But then Jo always had been priggish, even when
she’d
been a teenager. Claire remembered the summers when Jo and Whit had still been tight as two hoops on a barrel. They were almost even boyfriend and girlfriend, but never quite, maybe because they simply knew each other too well. The way Claire saw it, there were no mysteries left between them, and that was Jo’s mistake, for a man needed to be curious in order to want to hold on to a woman.
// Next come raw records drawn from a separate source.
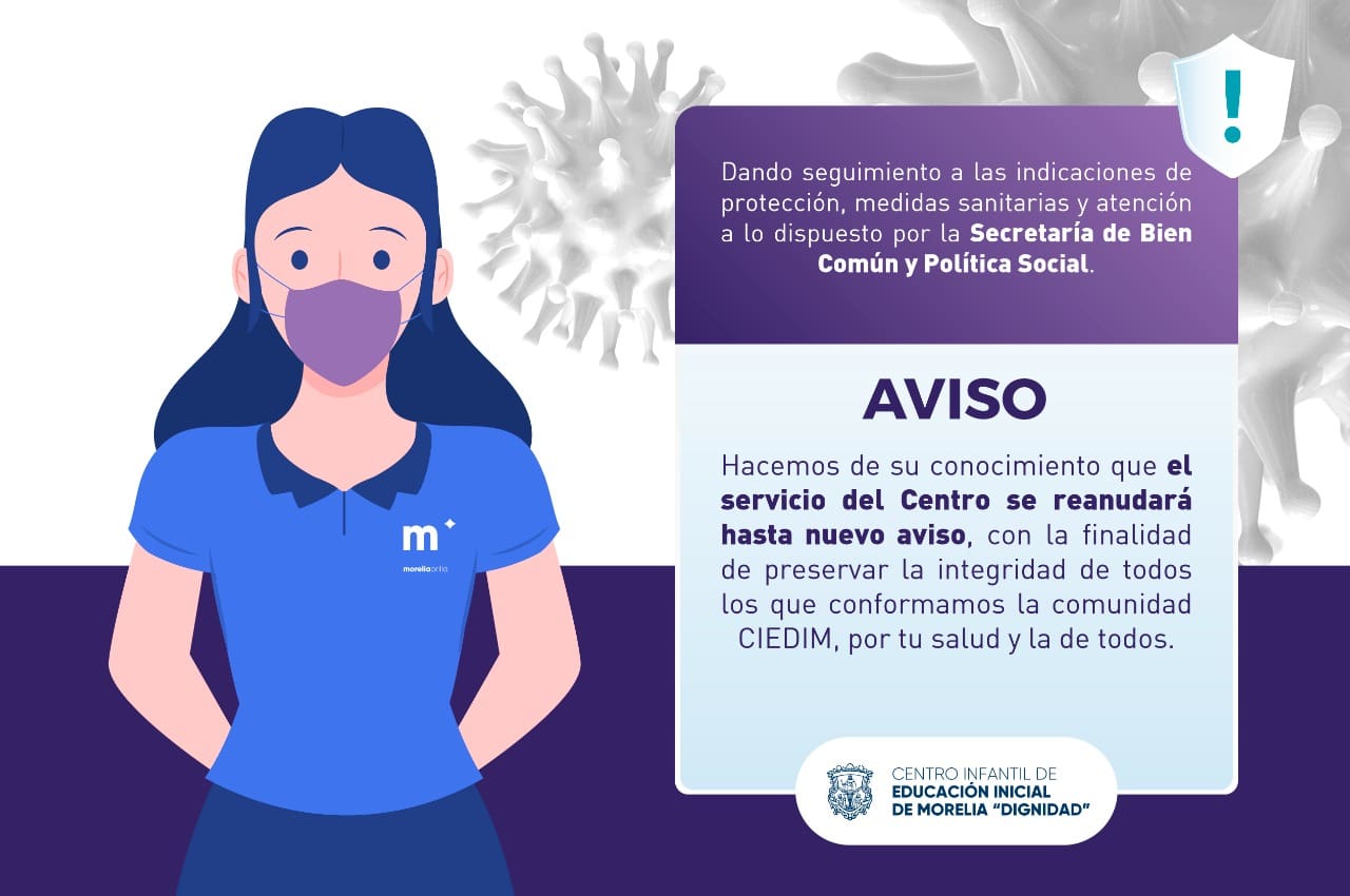 Morelia, Michoacán, 12 de enero del 2022.-En seguimiento a las indicaciones de protección, medidas sanitarias y atención a lo dispuesto por la Secretaría de Bien Común y Política Social, el Centro de Educación Inicial de Morelia “Dignidad”, reanudará sus servicios hasta nuevo aviso.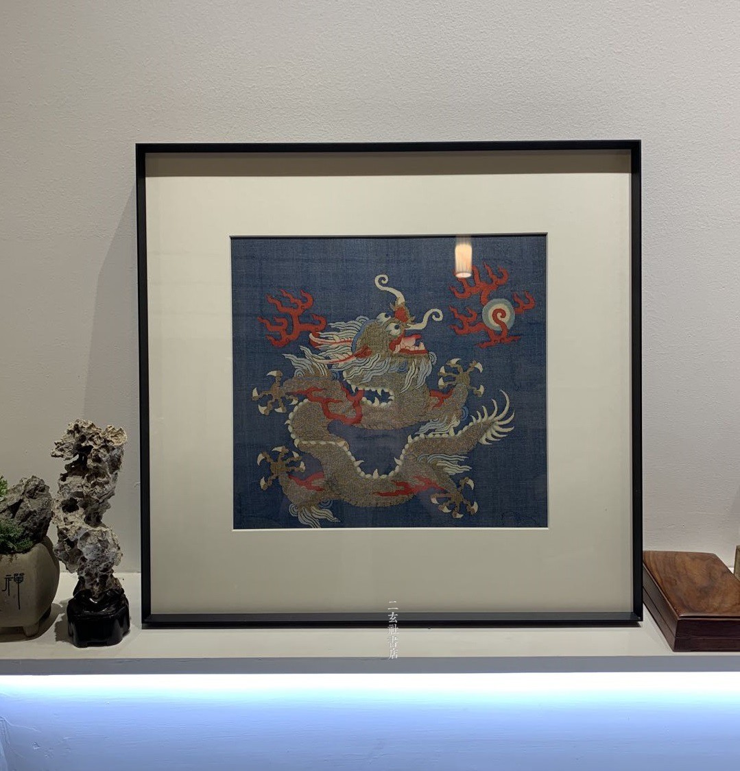 No tinnitus Imitation Qing Palace Five Paws Dragon Tapestry Silk silk This printed copy New Chinese black aluminum alloy frame-Taobao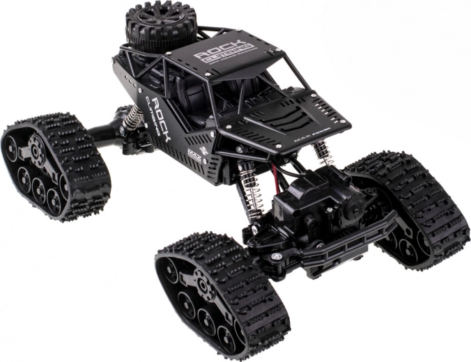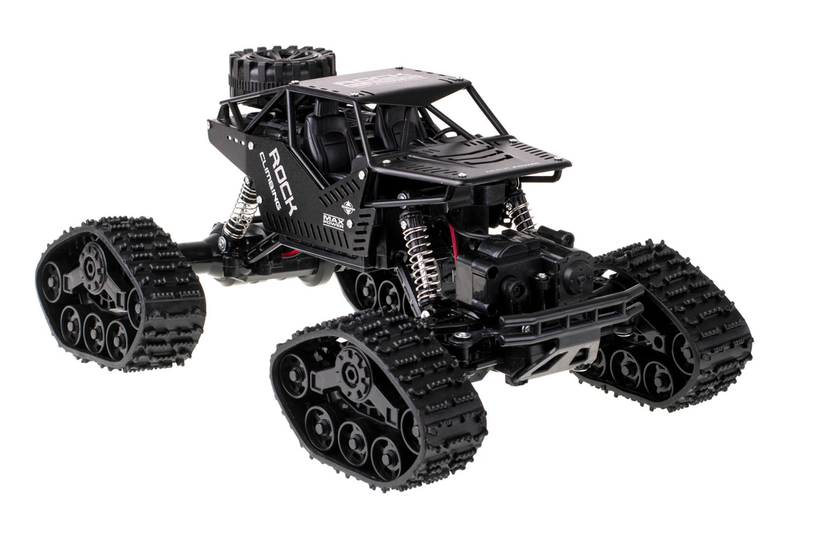 Διασκεδαστικό και ανθεκτικό εκτός δρόμου RC αυτοκίνητο με κίνηση 4x4, εναλλάξιμους τροχούς με λαστιχένιες ερπύστριες και τηλεχειριστήριο 2,4 GHz. Χάρη στην ελατηριωτή ανάρτηση και τα μεγάλα λαστιχένια ελαστικά ανταποκρίνεται σε διάφορες επιφάνειες. Ο εύκολος χειρισμός είναι ιδανικός για αρχάριους και παιδιά από 6 ετών.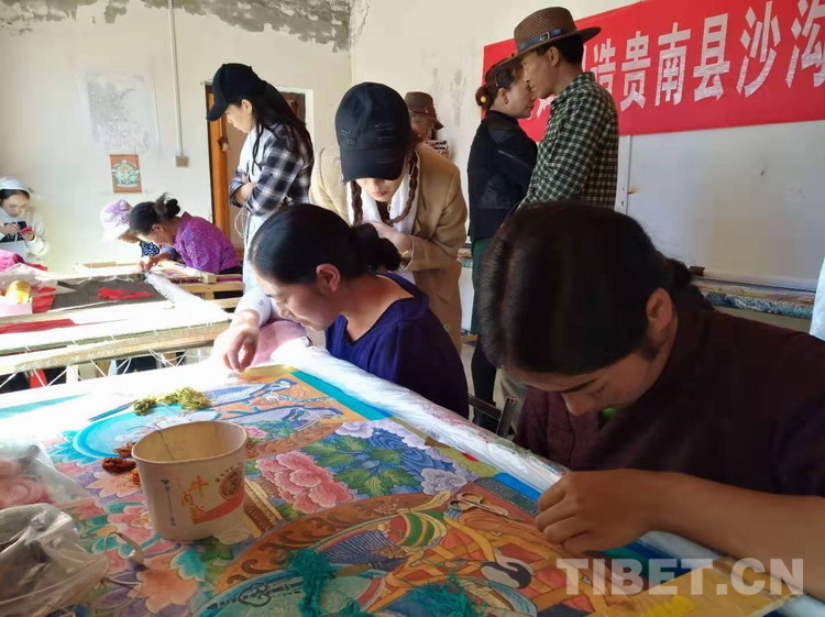 圖為(wei) 導演組一行參觀貴南縣沙溝鄉(xiang) 德茫村藏繡生產(chan) 基地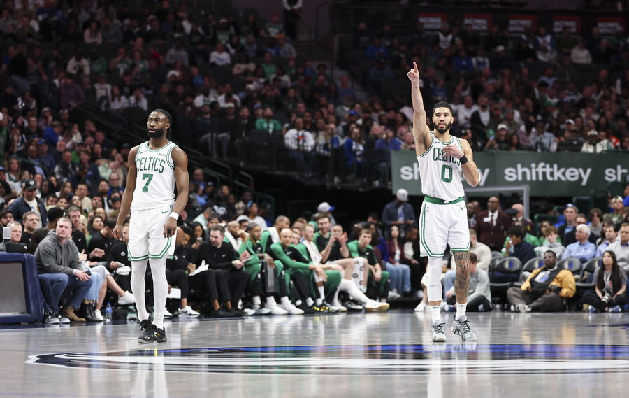 Jan 25, 2025; Dallas, Texas, USA; Boston Celtics forward Jayson Tatum (0) and Boston Celtics guard Jaylen Brown (7) react during the second half against the Dallas Mavericks at American Airlines Center. Mandatory Credit: Kevin Jairaj-Imagn Images.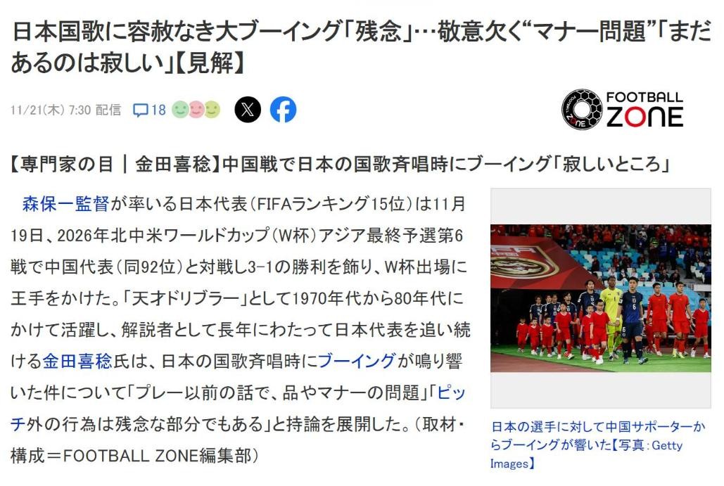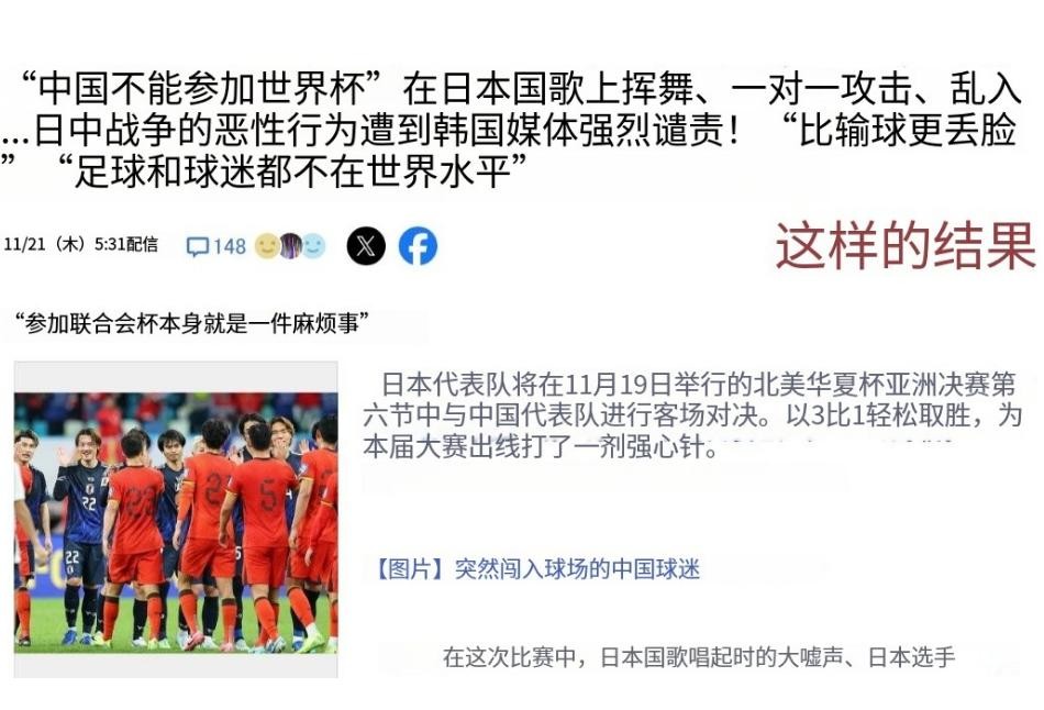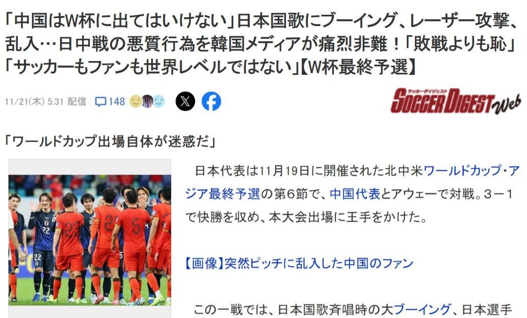 并且表示日本足协应该上报到FIFA,对国足进行重罚。

Even at thirteen Claire knew that much.

Mama snorted at her suggestion. “Gilly women and Turner men are the worst combination of all,” she said, yanking a frail strand of hair down near Claire’s neck. You can’t trust a Turner,” she added, patting her own hair. “They’d sell their own souls if they thought they could get two nickels for them.”

Claire shook her mother’s hands off her. “I don’t believe those old stories.”

Mama sighed. “Suit yourself,” she said. Then she frowned and looked almost sorry. “Maybe it’s better that way.”

Claire turned on her heel and went to collect her sweater for church, but her mother’s opinion stuck like glue. In fact, even though Claire didn’t know it then, her mother was both right and wrong about the Turners. They
would
sell anything—even, perhaps, their own souls—but never for anything as paltry as a dime.

U
nlike Jo, Claire loathed everything about Mass—the fusty smoke from the incense pot, the smothered coughs and shuffling feet, the waxy press of the wafer against her tongue. Week after week she bowed her head and traced the Virgin’s empty face with two fingers, whispering a running, more truthful catalog of her sins before she revised them for the ears of Father Flynn.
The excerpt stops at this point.